To date, the common approach in metaproteomics has been data-dependent acquisition (DDA) mass spectrometry, which is, however, known to have limitations 4. For example, only the most intense peptide ions are selected for fragmentation, which leaves the rest of the peptides undetected. This is particularly important for metaproteomics, where the vast number of peptides increase the chance of co-elution and peptides are discarded by the instrument from subsequent analysis. The selection also introduces stochasticity to the identifications, reducing the overlap between repeated analyses. For this reason, DDA often requires multiple runs from the same sample to discover all obtainable peptides. Furthermore, the ion intensities are not consistently recorded through the whole chromatographic profile, making quantification challenging 5.
To overcome the limitations of DDA, data-independent acquisition (DIA) mass spectrometry produces records of all precursor and fragment ion spectra by systematically fragmenting all precursor peptide ions.
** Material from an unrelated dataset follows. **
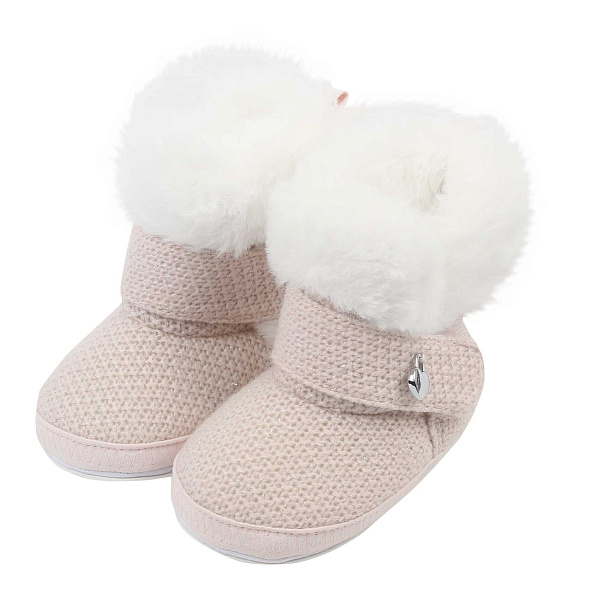 Текстильные пинетки для девочки выполнены в нежном розовом цвете с аккуратным вязанным дизайном, который станет милым дополнением к детскому гардеробу. Модель украшена мягкой пушистой оборкой и застёжкой-липучкой с декоративным серебристым элементом в виде сердечка, обеспечивающей удобную фиксацию и комфорт при носке. Лёгкие и гибкие пинетки обеспечивают свободу движений малышки, не сдавливая ножки.

Therefore, DIA has been proposed as an alternative method to overcome many fallbacks of DDA. However, the systematic fragmentation of the precursor peptide ions produces highly convoluted fragment spectra, making the peptide identification a difficult task. This is especially challenging for complex metaproteomic samples, where multiple precursor ions are more likely to elute simultaneously.
Recently, we were the first to demonstrate that DIA mass spectrometry can be successfully applied to analyse complex metaproteomic samples by using a spectral library constructed from corresponding DDA data to assist the peptide identification 6.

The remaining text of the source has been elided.